Monday Book: A secret garden of turnips and killer castanets - Arts and Entertainment - The Independent

Monday Book: A secret garden of turnips and killer castanets

Night and Horses and the Desert: an Anthology of Classical Arabic Literature

by Robert Irwin

(Allen Lane, pounds 25)

"I AM known to night and horses and the desert, to sword and lance, to parchment and pen," swaggered the 10th-century poet al-Mutanabbi. Attacked by robbers, he was challenged to live up to his poetic boast, turned to fight - and was murdered.

The incident supplied the exciting title of this collection, though not all the incidents in Irwin's treasure-house of a book have such drama. However, as a taste of new excitements and pleasures, this collection is unequalled for scholarship and entertainment. Many well-educated Westerners will have some general knowledge of European writing, but Arabic literature is a sufficiently strange field to need a guide.

This chronological compilation of translated extracts from prose and poetry ranges from the pre-Islamic age to the 15th century, including philosophy and esoteric texts. Unlike earlier anthologies, which aimed more at using written works to illustrate history, this collection emphasises literary values. The difficulties of translation are indicated by including two widely-differing versions of one poem, but Irwin explains contexts and gives us enough historical detail to appreciate something of this rich culture: one sufficiently similar for us to empathise, yet strange enough to shake up our preconceptions.

Take saliva, for instance. In our world, it's a rather unpleasant secretion; in Arabic love-poetry, something to be savoured, part of the iconography of passion, ranking with lips and kisses. The extraordinary sensuality found in early Arabic verse is a revelation: in the pre-Islamic odes especially, such as one in which a couple fornicate as the woman is breast-feeding her baby, her body twisting round to keep with her lover.

But the collection also includes light verse, a celebrity cookery book (the beauties of the turnip are compared to the moon), animal fables and mystical poetry. The anthology includes a gripping 10th-century crime story, and a moving indictment of the cruelties which man displays towards the animals. All kinds of imaginative oddments appear, such as the joyous abuse of a "flyting" attack by one poet upon another ("Ajad the Flasher jumps on his mother/A sow giving suck to a hog"). I particularly enjoyed the tantalising reference to killer castanets - visions of "Viva Espana" silenced with one blow!

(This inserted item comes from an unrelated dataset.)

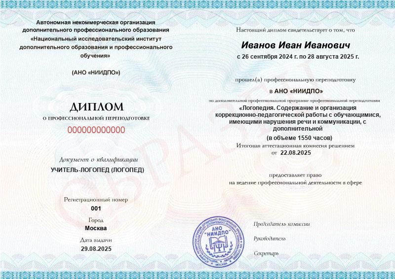 Диплом о профессиональной переподготовке с двумя квалификациями «Учитель-логопед (логопед)», «Учитель-дефектолог».Диплом действует на территории всей России и признается государственными и частными организациями.

The extracts range geographically from Spain to Afghanistan. Especially interesting to Westerners is the poetry of the lost world of Moorish Andalusia, such as the lyrics of Ibn Zaydun, who loved a learned and aloof Cordoban woman. She herself wrote poetry: inscribed on a sleeve of her robe were the words "I am, by God! fit for high positions/And am going my way with pride!" This section includes some of the poetry literally written on the walls of the Alhambra in Granada: an extraordinary artistic form merging literature and architecture, with no Western equivalent.

And, as one might expect from an expert on The Arabian Nights, there is an excellent section introducing the reader to other fictional cycles and their narrative traditions, with explanations of various genres and canons.

The compilation is not just a splendid collection of scraps for dipping into. It presents a coherent picture of Arabic written culture, in which philosophy was considered a useful subject. Above all, this culture placed an extraordinary premium on literature. We encounter the 10th-century scholar Ibn Abad, who turned down an appointment because moving his library would have required 400 camels; the wandering scholars and the public libraries of Iraq which they frequented; and the multicultural Jewish physician in Cairo who also ran a bookshop including works in Arabic. (Bookshops could double as literary salons and centres of serious debate.)

Many people in the modern literary world would long for such passionate devotees as the bibliomaniac Jahiz of Basra, who paid booksellers to lock him in overnight so that he could read their stock. "Have you ever seen a garden that will go into a man's sleeve, an orchard you can take on your lap, a speaker who can speak of the dead and yet be an interpreter of the living?" That is Jahiz describing a book.

Remember the obscene "turkey-shoot" of fleeing Iraqi troops on the Basra road in the Gulf War? That road once led to Jahiz and his library.